Возвращаясь в летнюю кухню, я радовался как ребенок. Я шел вдоль пролеска и что-то напевал. Во мне не было ни боли, ни зависти, ни желчи. Больше не звучали саднящие ноты Сонаты смерти, она затихла. Головокружительный запах сирени сводил с ума, и какая-то энергия, неведомая доселе, переполняла меня. Закрывая глаза, я видел эту девушку воочию, и мне безумно хотелось жить, сбежать от неподкупной реальности, чтобы наши свидания с Ионой длились вечно.
Острое, мучительное желание жить, когда ты словно кричишь об этом в тишину и надрываешь от напряжения связки.
Я понял, что лукавил, когда, мечтая встретить Иону, клялся, будто готов умереть за эту встречу. Выходит, я просто лелеял в себе ростки надежды, а теперь же – невыразимо хотел жить, творить, любить ее, если уж это задумано судьбой. Так правду ли говорят восточные мистики и последователи буддизма, что наша жизнь предопределена с самого рождения? Правду ли пророчат хироманты, читая письмена с линий, прочерченных на наших ладонях? В то лето я действительно чувствовал себя послушной марионеткой в руках судьбы.
Я готовился ко сну, когда услышал тихий, утробный плач. Я вышел из летней кухни и двинулся на этот звук, похожий на всхлипы раненой флейты. Он тянулся из хозяйского дома. Я ринулся на помощь и увидел в окошке Амаду, сотрясающегося от слез, рядом с какой-то мятой, «увянувшей» фотографией. Я долго стучал в дверь, но он не открыл. Когда я вернулся к окошку, шторы уже были наглухо задернуты.
На следующий день Иона рассказала его историю, о которой знали в округе все, и это меня обожгло. Опять все перевернулось с ног на голову, и меня охватил первобытный ужас, с которым я едва мог справиться. В его истории тоже звучала ужасающая Соната обреченности.
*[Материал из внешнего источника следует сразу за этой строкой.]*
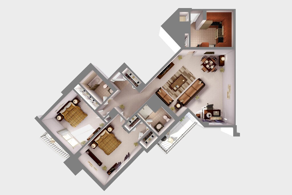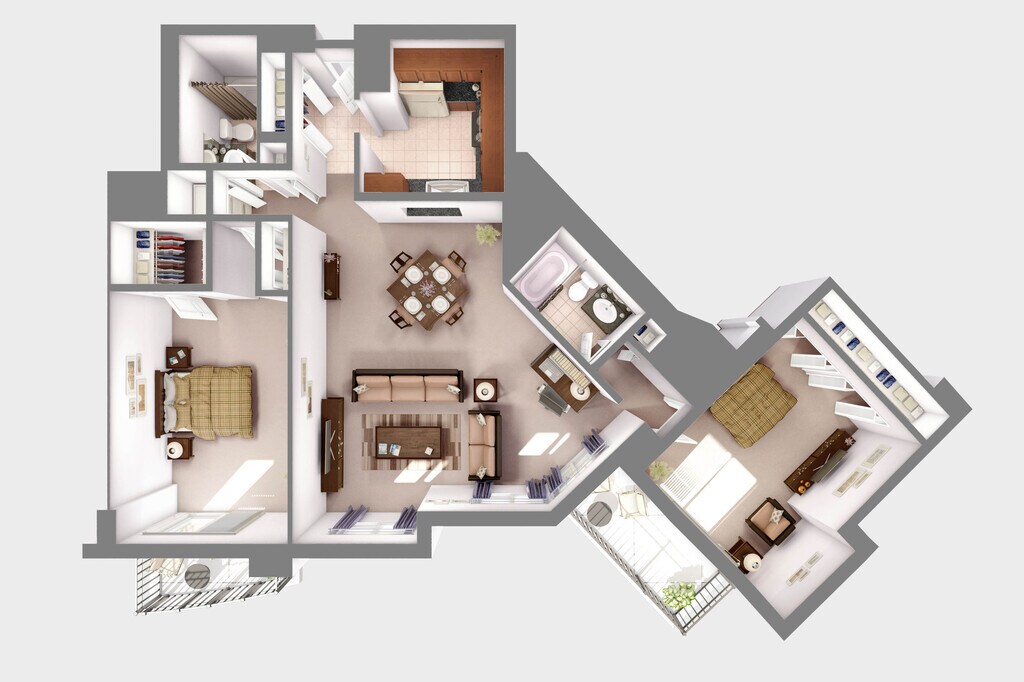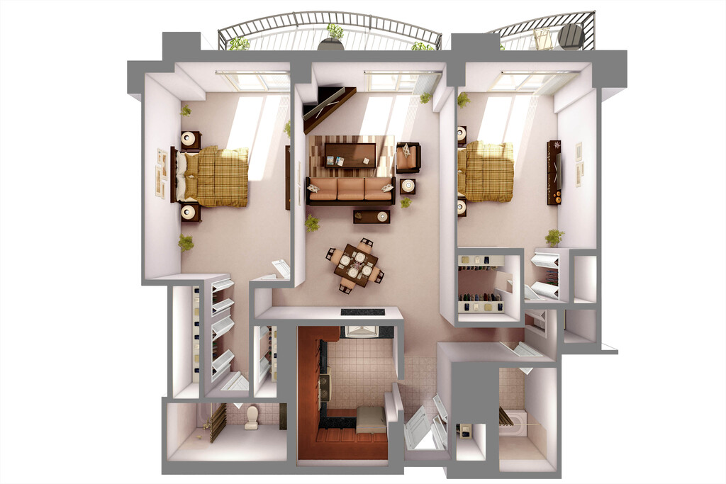 Modelo de apartamento: Tier 82 Dormitorios, 2 Baños, 1319 sq ftDisponible Ahora![]()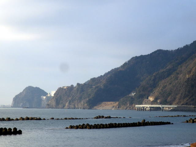 ![]() ズーム!!! 右手に石部海上橋が見えます。中央付近の造成された箇所がありますがあの辺りから磯浜トンネルとなって、 東海道本線は山に突っ込んでおりました。 |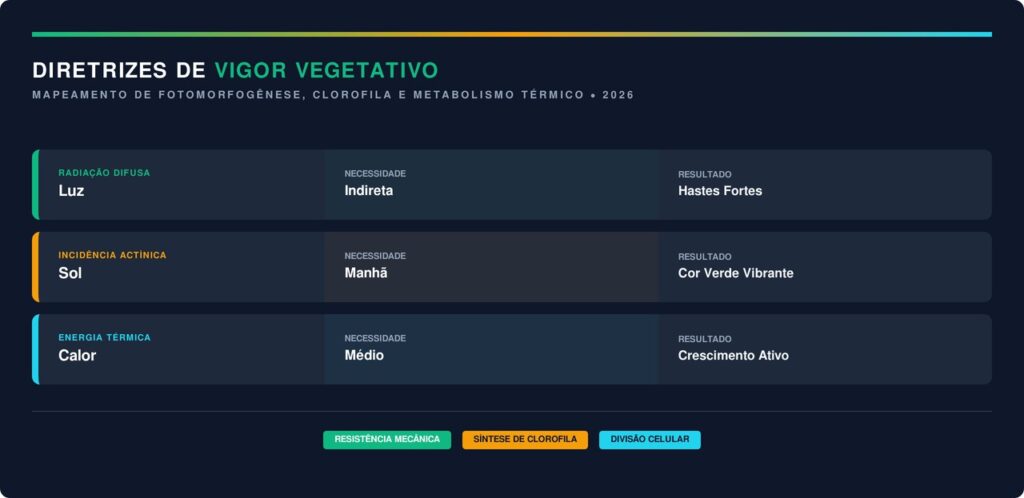 A claridade indireta é fundamental para evitar que a planta sofra estiolamento e perca o seu vigor estético natural. Hastes que crescem muito alongadas e finas são sinais claros de falta de luz solar diária.

То была история несчастного человека, мечтавшего о смерти, каждое утро и вечер молившегося небесам, чтобы ему ниспослали милость уйти раньше. Его сердце жило лишь воспоминаниями о безвременно ушедших сыновьях, любимых мальчиках, как две капли воды похожих друг на друга, грустно смотревших в небеса, когда сорок лет назад их загрыз сорвавшийся с цепи соседский бультерьер.
Амаду жил глубоко внутри себя, глядя на мир своими заплаканными, но беспредельно ясными глазами, и такое скорбное было у него лицо, когда он оставался наедине с собой, что об его огромном одиночестве шептались даже за пределами Фарфаллы. Однако на публике он тщательнейшим образом прятал свои слезы, оставаясь предельно молчаливым, сохранившим былое мужество и гордость.
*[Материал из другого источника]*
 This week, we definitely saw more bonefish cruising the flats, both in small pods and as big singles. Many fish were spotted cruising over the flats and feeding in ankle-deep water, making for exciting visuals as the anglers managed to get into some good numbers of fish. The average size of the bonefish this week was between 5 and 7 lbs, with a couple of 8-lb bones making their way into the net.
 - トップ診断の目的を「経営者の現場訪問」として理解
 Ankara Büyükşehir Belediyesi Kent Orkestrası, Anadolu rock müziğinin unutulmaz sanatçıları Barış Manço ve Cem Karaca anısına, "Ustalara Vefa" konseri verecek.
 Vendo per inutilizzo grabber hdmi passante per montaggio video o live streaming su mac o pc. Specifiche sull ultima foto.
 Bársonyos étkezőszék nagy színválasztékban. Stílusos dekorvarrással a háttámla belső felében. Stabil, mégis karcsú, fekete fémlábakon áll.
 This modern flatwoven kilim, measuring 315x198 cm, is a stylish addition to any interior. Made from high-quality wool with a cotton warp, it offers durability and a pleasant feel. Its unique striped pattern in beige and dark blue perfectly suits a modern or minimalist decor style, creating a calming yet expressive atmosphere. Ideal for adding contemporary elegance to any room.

Но по вечерам, когда я проходил мимо его лачужки, увенчанной зеленой пирамидкой, можно было слышать голос, полный слез. Однажды я случайно услышал отрывок его вечерней молитвы.
– Зачем я сделал им А1? – шептал Амаду. – Я знал, когда ты их заберешь, Отец, я знал. Они не знали. И ничего я не смог изменить. В мгновение ока они выскочили во двор, точно в ту роковую минуту… Я кричал им: «Том! Уилл! Домой, сорванцы!..» Но они не послушались. Я побежал на улицу, в одной майке, утопая в снегу босыми ногами, но было поздно. Было поздно… Они лежали под кустом рябины, осыпанные горькими ягодами, растерзанные, разорванные этим псом-людоедом, вымазавшимся в их крови; они лежали и смотрели своими застывшими глазками вверх, замерев на небе. Простите меня… Зачем я пережил их, Отец? Зачем я знал об этом с самого их рождения? Зачем я сделал им А1?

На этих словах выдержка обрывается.